Associazione Nazionale Medici Cardiologi Ospedalieri

CONGRESS ABSTRACT

CONGRESS ABSTRACT

VASOSPASTIC INFARCTION STARTED WITH PULSELESS ELECTRICAL ACTIVITY CARDIAC ARREST

Scordato Francesca Palermo(Palermo) – ARNAS Civico | Giunta Nicola Palermo(Palermo) – ARNAS Civico | Peritore Giuseppe Palermo(Palermo) – ARNAS Civico

We report the case of a 48-year-old female with a special history of ischemic heart disease.

It started in 2021 with an acute anterior ST myocardial infarction: the coronary angiography showed subocclusive stenosis at the first tract of the left anterior descending (LAD), without other coronary stenoses. The patient was treated with primary PCI + DES; the echocardiogram showed EF 30% and akinesia of apex, intermediate segments of anterior wall and interventricular septum. During the same hospitalization the patient experienced recurrence of angina with transient ST elevation in the anterior and inferior leads; a control coronary angiography was unchanged.

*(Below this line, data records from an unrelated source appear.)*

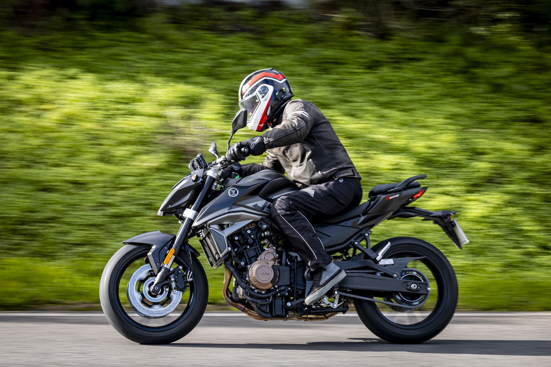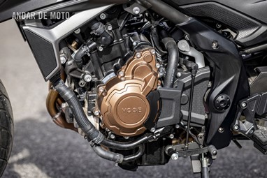 O motor é um bicilíndrico paralelo, de 581 cc, com dupla árvore de cames à cabeça, quatro válvulas por cilindro, cambota a 270°, e veio de equilíbrio, a debitar 64 cv de potência máxima atingida às 9000 rpm, apesar de no taquímetro a zona vermelha começar às 8.500 rpm. O binário máximo é de 58 Nm às 6500 rpm. São valores que não impressionam, não comprometem, mas que tampouco nos deixam envergonhados.
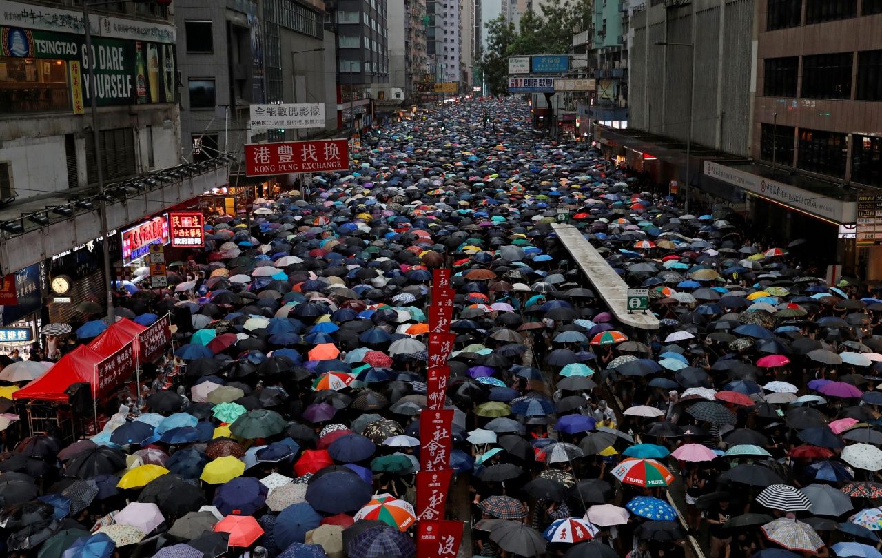เมื่อ 18 ส.ค.62 สำนักข่าวต่างประเทศ รอยเตอร์ บีบีซี และเว็บไซต์เซาท์ไชน่ามอร์นิ่งโพสต์ รายงาน ชาวฮ่องกงหลายหมื่นคนออกมารวมตัวชุมนุมประท้วงครั้งใหญ่ต่อต้านรัฐบาลฮ่องกงและเรียกร้องประชาธิปไตยกันอีก ตั้งแต่ช่วงบ่ายวันอาทิตย์ที่ 18 ส.ค. 62 ถึงแม้ฝนตก ขณะที่ม็อบยังได้ท้าทายทางการด้วยการพยายามเดินออกมาจากสวนสาธารณะวิกตอเรีย พาร์ก ย่านคอสเวย์ เบย์ ซึ่งเป็นพื้นที่ทางการอนุญาตให้ชุมนุมได้เท่านั้น มุ่งหน้าไปยังย่านเซ็นทรัล (Central) ซึ่งเป็นย่านธุรกิจและศูนย์กลางการค้าบนเกาะฮ่องกง
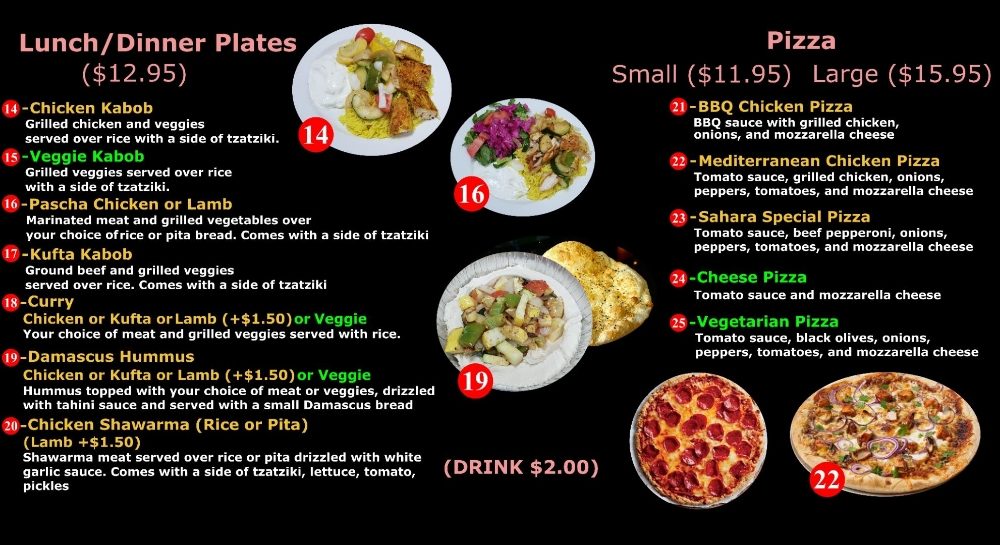 With options for vegans and vegetarians, as well as a welcoming space for families, Sahara On Main is ideal for takeout, delivery, or a casual dine-in experience. Join the buzz and indulge your palate at Sahara On Main!
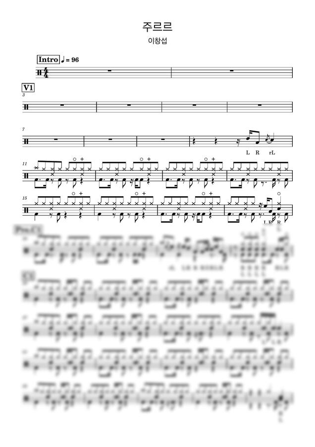 이창섭 - 주르르 (드럼악보) by Drummer KWI
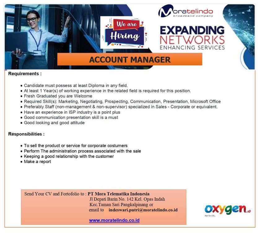 PT Mora Telematika Indonesia(expanding networks) membuka kesempatan kerja untuk posisi ACCOUNT MANAGER(oxygent)-Pangkalpinang
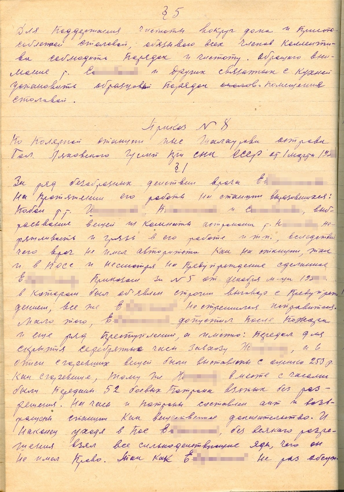 §2. Заведомо зная предупреждение, все же тт. Н. и Ш. его нарушили, а именно: 18 октября вечером на общее собрание сотрудников явились не в трезвом виде. За игнорирование предупреждений и за появление в нетрезвом виде на общее собрание сотрудников, тт. Н. и Ш. объявляю выговор. Вместе с этим требую от этих товарищей объяснений где взяты спиртные напитки и через кого, указать фамилии соучастников в выпивке.
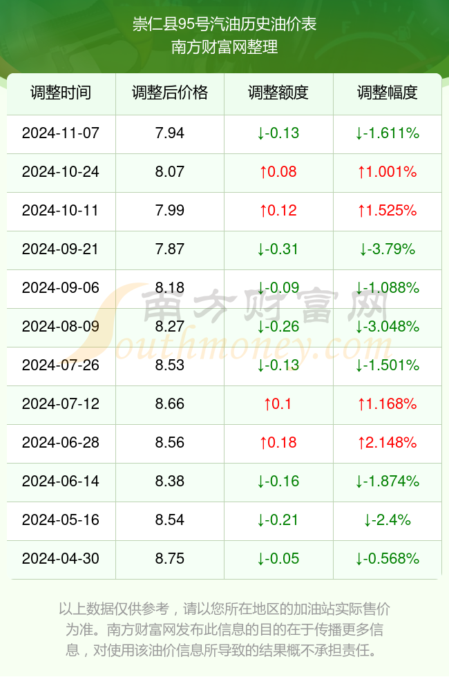 12月28日崇仁县95号汽油的价格是7.94元/升,油价于11月7日调整,相对上次调整时间10月24日的油价8.07元每升,共跌了0.13元,跌幅达1.611%。
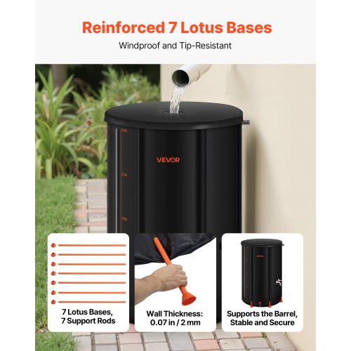 Stabil och säker: Regnvattenuppsamlaren har sju 2 mm tjocka stödstänger och en lotusbas för stabilitet. Även fulladdad förblir den upprätt och fixerad i marken och motstår kraftigt regn och stark vind utan att tippa eller kollapsa.
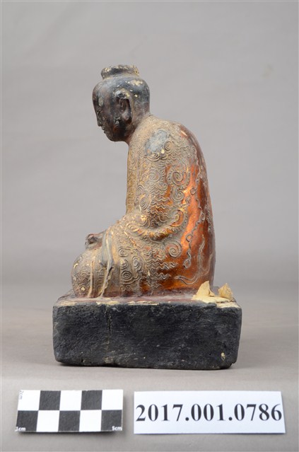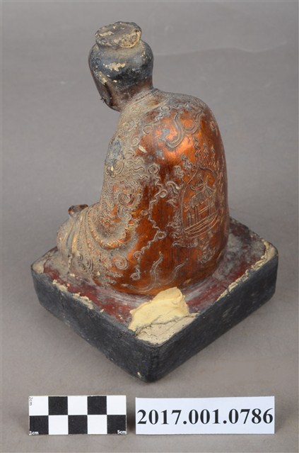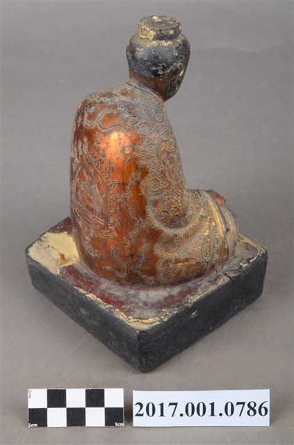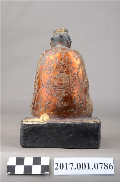 1.本件木雕吳公真仙像,採坐姿姿態,作道士修行扮相,表面施作塗裝、安金不見紅漆線盤飾粧佛技法,顏面、臺座薰黑。面部為中年男子相貌,臉形橢圓,顏面在鼻翼兩側、下顎、兩頰有植鬚孔,鬍鬚已脫落遺失。身軀前傾,頭戴芙蓉冠,內著右衽長袍,外罩罡衣、蔽膝,袍服佈滿漆線盤飾,罡衣衣襟盤飾捲草紋、八卦之卦象,正面及蔽膝盤飾鶴紋、雲紋,背面盤飾玉樓霄臺。挺身盤坐,雙手握拳分置於雙腿上,左手掌心朝上,右手掌心朝下,寓有陰陽太極之意。臺座呈方形,漆面局部剝落。此做法為先入神,後粧佛,故表面看不出內有入神。
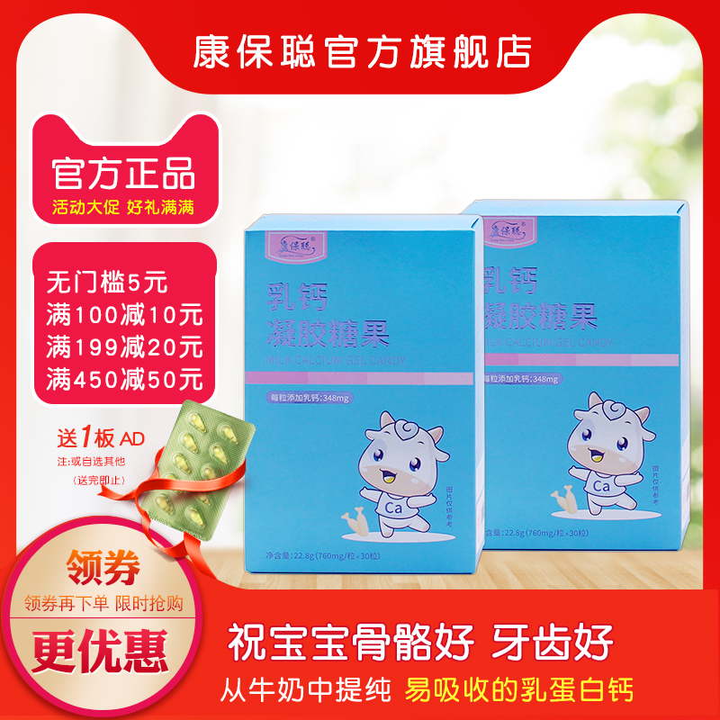 康保聪乳钙儿童钙片液体婴钙滴剂儿钙宝宝补钙胶囊2盒装 送婴儿AD
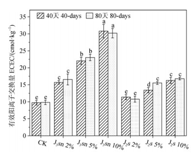 图 5 施入两种紫色泥岩改良后酸性紫色土的有效阳离子交换量 Fig. 5 Effective cation exchange capacity of acidic purple soil after incubation with purple mudstones |
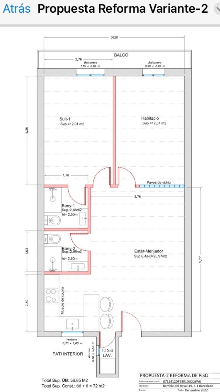 Sobre este piso de 2 habitaciones en Barcelona (08001)
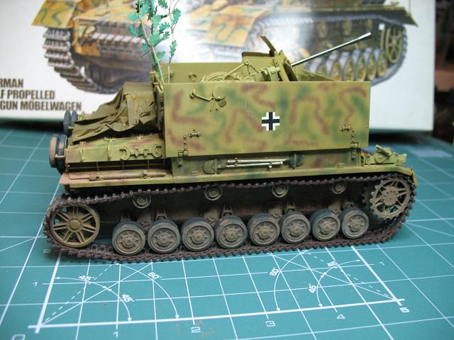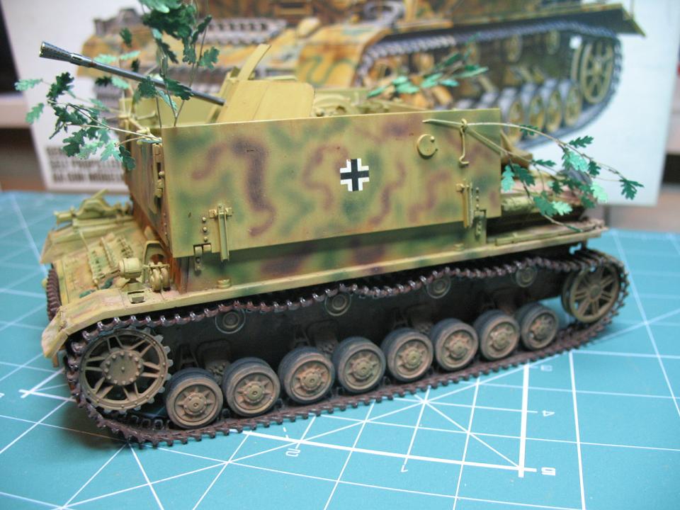 К сожалению фото мало, поэтому только табуретки: Провис гусеницы на левой и правой сторорнах отличается и к сожалению велик... Декаль не блестит - отлично, но почему то не выделен рельеф модели, пресловутые смывки и сухие кисти не использованы, либо мной не увидены... Ну и деревцо выглядит малость пластиковым...

She was started on therapy with nitrates and diltiazem up to the tolerated dose, statin as well as antiplatelet and anticoagulant therapy due to apical thrombus. She underwent ICD implantation in primary prevention in January 2022.

During 2022, there were several accesses to the ED for vasospastic angina despite medical therapy at the maximum tolerated dose.

In October 2023 the patient experienced an acute chest pain followed by cardiac arrest, pulseless electrical activity and acute cardiogenic shock. After resuscitation procedures, she underwent an emergency coronary angiography which showed excellent result of the previous PCI, as well as stenosis of the distal edge of the stent resolving after injection of i.c. nitrates.

No arrhythmic events at ICD recording and continuous electrocardiographic monitoring in ICU were observed.

Cardiac MRI showed areas of subendocardial LGE involving the apex, anterior, anterolateral and septal segments due to ischemic scar; we also observed areas of edema and LGE with an ischemic pattern at the infero-septal and inferior wall in toto, suggesting recent ischemia; EF was 31%.

During hospitalization the patient experienced episodes of typical angina with poor response to medical therapy at the maximum tolerated dose.

The current clinical case most likely points to acute myocardial infarction due to vasospasm of the right coronary artery with acute pump failure resulting in cardiac arrest and no specific recommendations exist in recent cardiologic guidelines on the strategy to adopt for this acute clinical setting.

In the hypothesis of a vasospastic pathogenesis of the problem, counseling for modulation of the stellate ganglion was requested.